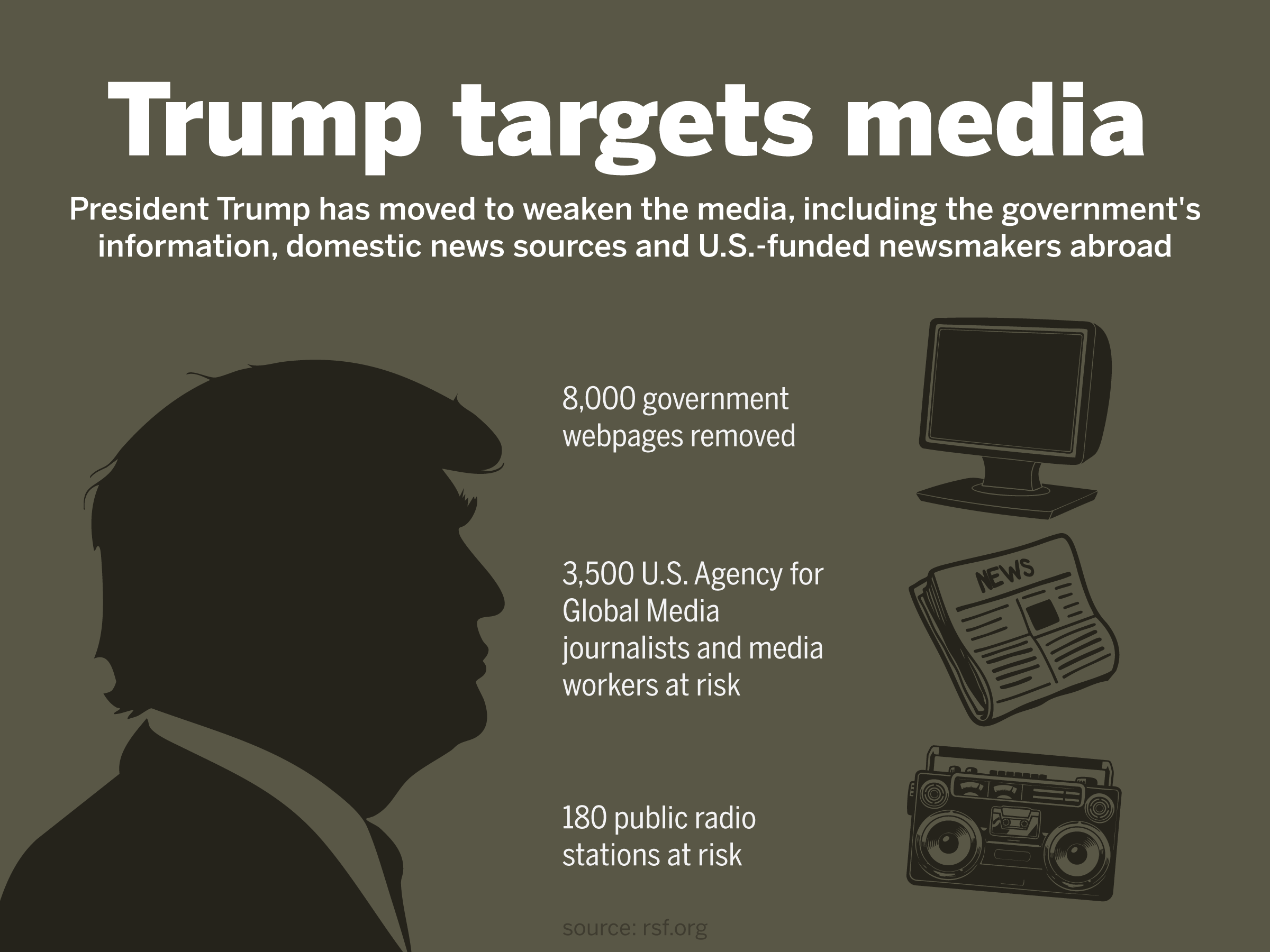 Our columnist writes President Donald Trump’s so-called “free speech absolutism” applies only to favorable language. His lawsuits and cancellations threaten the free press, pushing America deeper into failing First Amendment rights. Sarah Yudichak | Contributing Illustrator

■ ■ ■

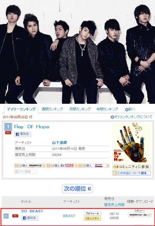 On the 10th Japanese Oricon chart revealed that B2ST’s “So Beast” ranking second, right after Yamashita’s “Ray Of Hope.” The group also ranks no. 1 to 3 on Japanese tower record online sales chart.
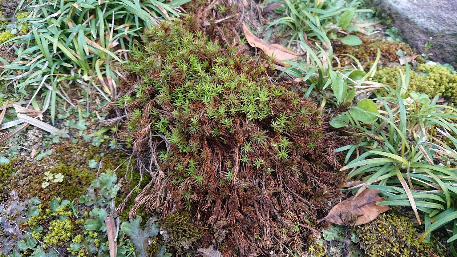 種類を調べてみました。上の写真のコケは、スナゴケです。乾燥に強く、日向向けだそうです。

■ ■ ■

▶ [WHAT NEEDS TO BE DONE]:
Pictures aside, print exactly the lines above starting with the one containing "On the 10th" and going on through the one containing "種類を調べてみました。上の写".

▶ [SOLUTION TO THIS PROBLEM]:
 On the 10th Japanese Oricon chart revealed that B2ST’s “So Beast” ranking second, right after Yamashita’s “Ray Of Hope.” The group also ranks no. 1 to 3 on Japanese tower record online sales chart.
 種類を調べてみました。上の写真のコケは、スナゴケです。乾燥に強く、日向向けだそうです。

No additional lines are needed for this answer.